Q Can compact fluorescent light bulbs (CFLs) create a fire hazard? We had one that smoked recently. The base was red hot. What is the potential danger?

A Although not common, there have been cases of CFLs smoking, emitting a pungent odor, sometimes even flashing. That raises the worry, and rightly so, that the bulbs might be fire hazards. But experts say they are not. Indeed, they say those worrisome events indicate that fire is being avoided.

Basically, what is happening is that the circuitry in the bulb is failing. This can happen at the end of its useful life. At that time, the arc contained in a fluorescent light sometimes elevates the temperature of the plastic near one end of the tube, according to the U.S. Environmental Protection Agency's Energy Star. It can produce limited smoke and odor. In some cases, a flashing arc internal to the fluorescent tube or ballast may occur. In extreme cases, a deformation, significant distortion or small breach of the plastic material may happen.

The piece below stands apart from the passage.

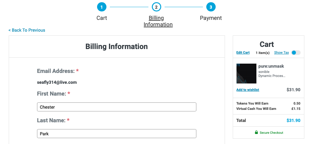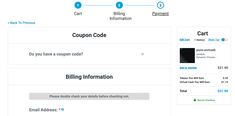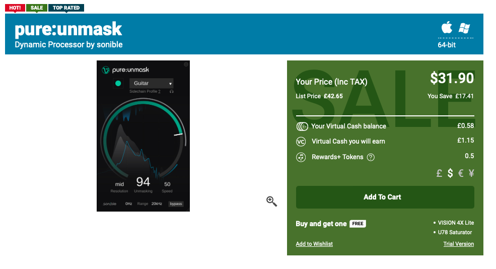 Sonible pure:unmask 구매 링크 (PluginBoutique)를 클릭하거나, Plugin Boutique(링크)에 접속한 후, 검색창에 "pure:unmask"를 검색하면 위와 같은 화면이 나타난다. Plugin Boutique는 회원 가입을 하지 않아도 상품 구매가 가능하지만, 회원 가입을 하는 편이 추후 라이센스 관리에 용이하다. 기본값은 파운드화로 나타나지만 달러나 엔, 유로화로 가격을 바꿔가며 확인할 수 있다. 다만, 대한민국 원은 지원하지 않으므로 해외 결제가 지원되는 카드나 페이팔 계정을 미리 준비할 필요가 있다. Add to Cart를 클릭하여 상품을 내 장바구니로 담자.

All this means that safety measures built into the bulb are managing heat and preventing subsequent hazards.

However, end of life isn't the only cause of smoking and odor. It also can happen when CFLs are defective or used inappropriately.

Air needs to circulate around the bulbs. Generally, CFLs can be used in enclosed fixtures when they are not recessed, according to GE Lighting. Such fixtures (for example, a can light in the ceiling that has a cover over the bulb) create temperatures that are too high, leading to early failure.

Another cause for failure could be improperly screwing the bulb into the socket. Don't hold the bulb by the glass, as you would with an incandescent light. That can cause the vacuum seal or tubing to break, exposing components to oxygen and making them more liable to become defective or overheat. Instead, hold a CFL bulb by its plastic base.

If a fluorescent light begins to smoke or smolder, immediately shut off the power to the light. Once it has cooled, remove it from the light socket. Then e-mail cfl@energystar.gov to report the incident. Include the manufacturer's name and model number on the CFL base and how and where the bulb was used. Also, be sure to contact the manufacturer and ask for replacement or refund. (It's always a good idea to keep the receipts for these purchases.)

When buying a CFL, look for UL on the base, which means it meets UL standards. Or just buy Energy Star-qualified bulbs. They incorporate end-of-life requirements and higher safety standards. Although the base or glass tubing may darken, an Energy Star CFL should never catch on fire.